Dogefight Elon Musk could also be gone from the so-called Division of Authorities Effectivity, however his allies stay, the Wall Road Journal writes. And so they’re sparring with the White Home for management.
Crypto lobbyists Trump’s Damascene conversion to crypto cheerleader adopted “one of many nice lobbying free-for-alls in current historical past”, the New York Instances writes, in a behind-the-scenes dissection of his transformation.
Information round-up
Nvidia turns into first firm to achieve $4tn in market worth (FT)
BCG’s position in Gaza probed by UK parliamentary committee (FT)

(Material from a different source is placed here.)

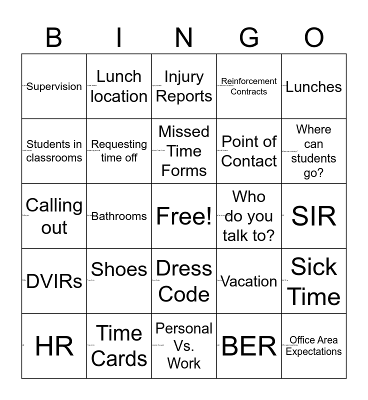 This bingo card has 24 images, a free space and 24 words: Shoes, Time Cards, Missed Time Forms, HR, Lunches, Supervision, Students in classrooms, Lunch location, Who do you talk to?, Dress Code, Point of Contact, Calling out, Vacation, Sick Time, Requesting time off, BER, SIR, Injury Reports, Where can students go?, Bathrooms, Office Area Expectations, DVIRs, Reinforcement Contracts and Personal Vs. Work.
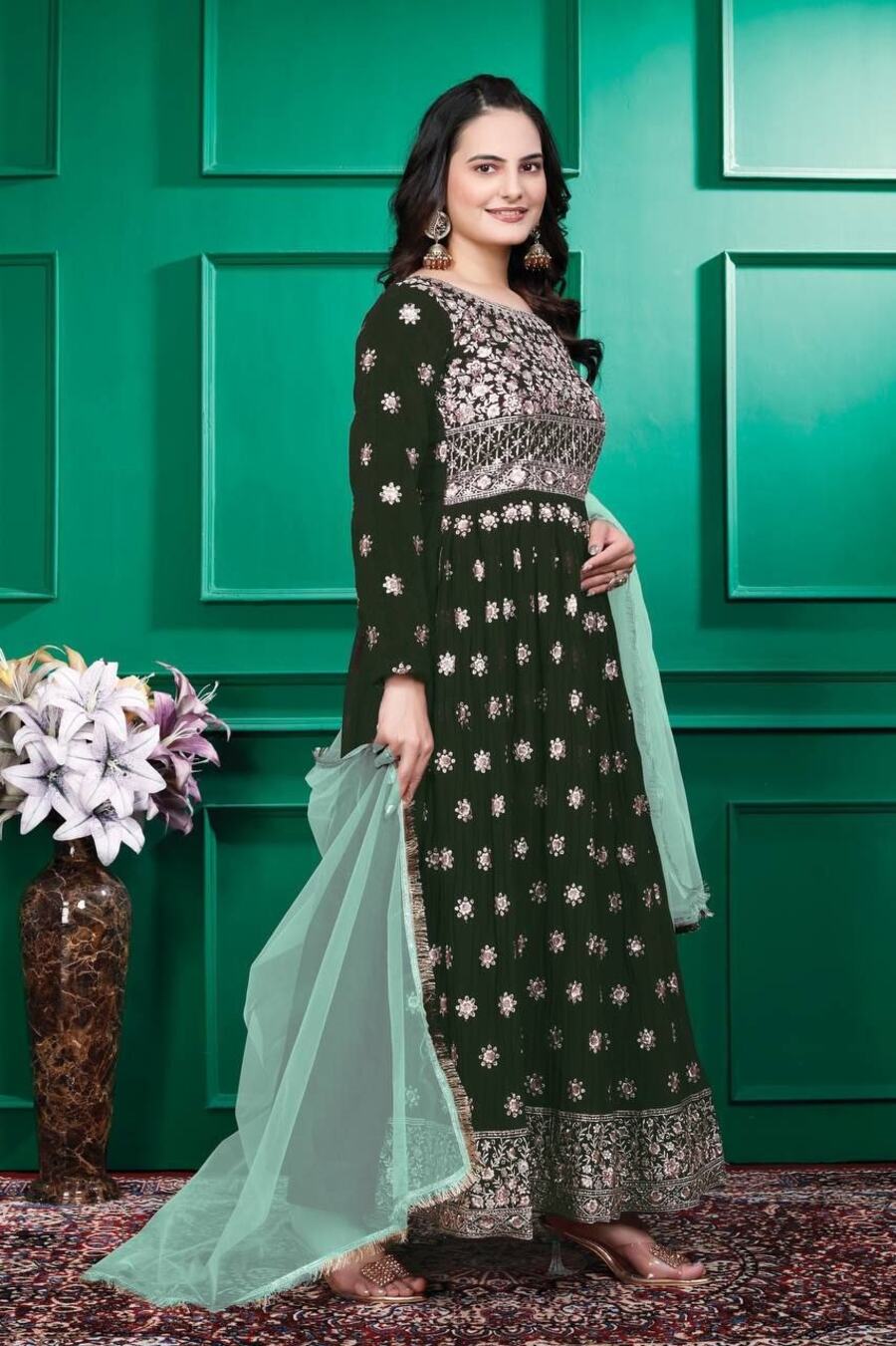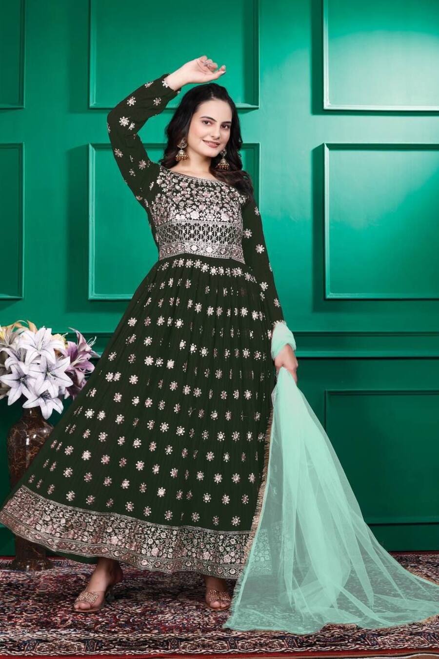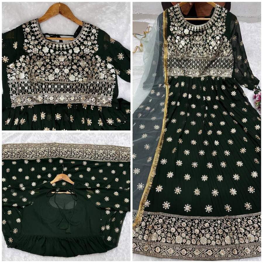 RICH LOOK FAUX GEORGETTE EMBROIDERY WORK ANARKALI GOWN WITH DUPATTA GREEN

Goldman calls for oath from junior bankers to fend off personal fairness (Bloomberg)
Italian sweet maker Ferrero in talks for storied US cereal maker Kellogg’s (FT)
Singapore’s Temasek sours on European firms amid US tariff threats (FT)
Hedge funds accountable for espresso worth surge, says Lavazza boss (FT)
Apple bids for System 1 rights in US after success of Brad Pitt movie (FT)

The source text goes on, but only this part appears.